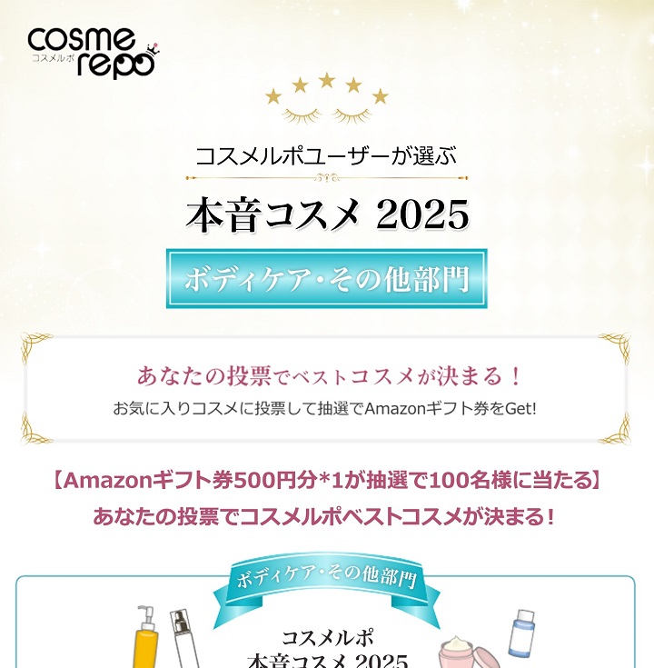 Amazonギフト券500円分を100名様にプレゼント 2025.11.09cosmerepo‐ベスコス2025④ボディケア・その他 賞品:Amazonギフト券500円分(100名様) 締切:2025年11月10日(月)お気に入りコスメに投票してご応募ください。※詳細はキャンペーンページにてご確認ください。応募はこちらから
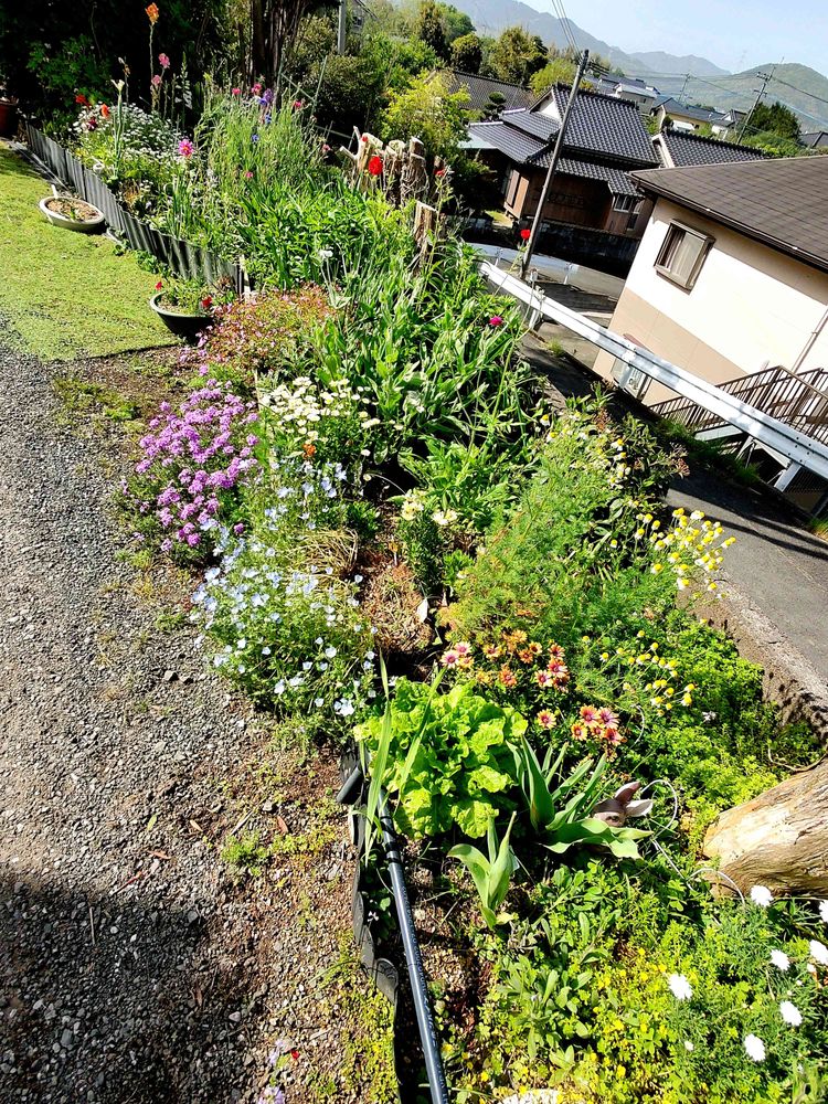 だた今年はちょっと…バランス悪く花がそれぞれ暴れすぎかな。来年は引き算しつつ、配置を考えなくては! 球根植物や宿根草、こぼれ種の花が増えて予定外に色々な花が咲いています💕
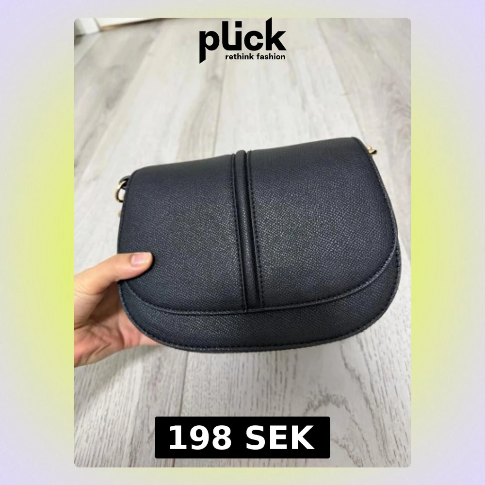 Snygg svart axelväska i konstläder med rundad form och guldfärgade detaljer. Väskan har ett stilrent och minimalistiskt utseende med en dekorativ söm på locket. Perfekt storlek för det viktigaste och enkel att matcha till olika outfits.
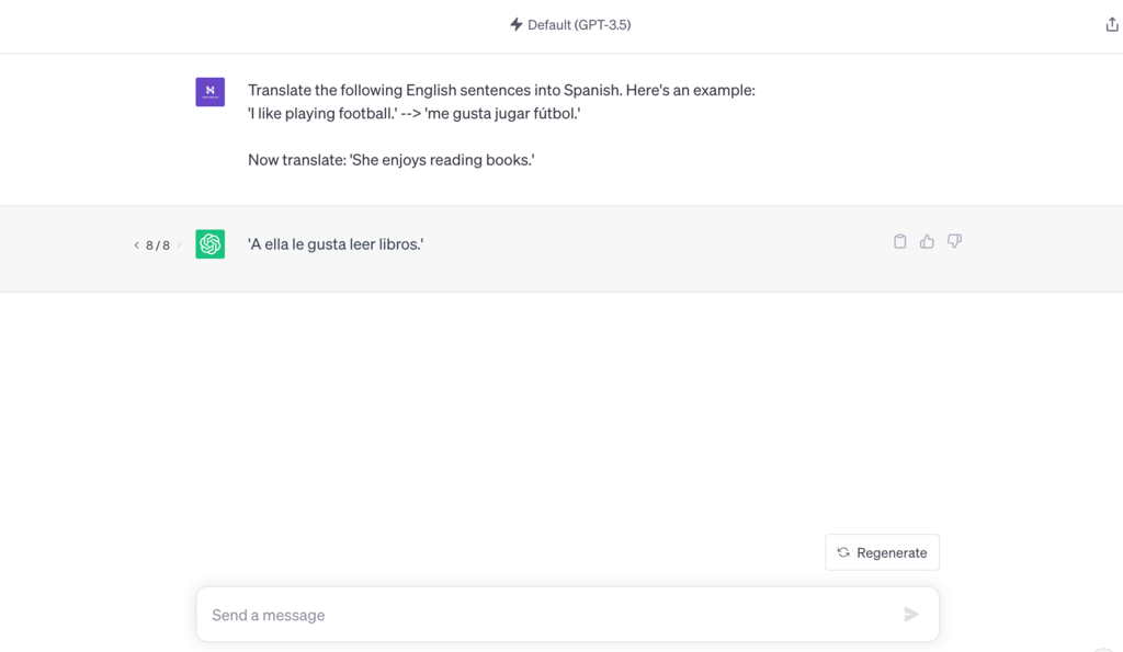 Here’s an example of zero-shot prompting with ChatGPT-3.5:

▸ Your goal
In the material above, one part opens with the line containing "だた今年はちょっと…バランス" and closes with the line containing "Snygg svart axelväska". Write out that part exactly and skip its pictures.

▸ Expected answer
 だた今年はちょっと…バランス悪く花がそれぞれ暴れすぎかな。来年は引き算しつつ、配置を考えなくては! 球根植物や宿根草、こぼれ種の花が増えて予定外に色々な花が咲いています💕
 Snygg svart axelväska i konstläder med rundad form och guldfärgade detaljer. Väskan har ett stilrent och minimalistiskt utseende med en dekorativ söm på locket. Perfekt storlek för det viktigaste och enkel att matcha till olika outfits.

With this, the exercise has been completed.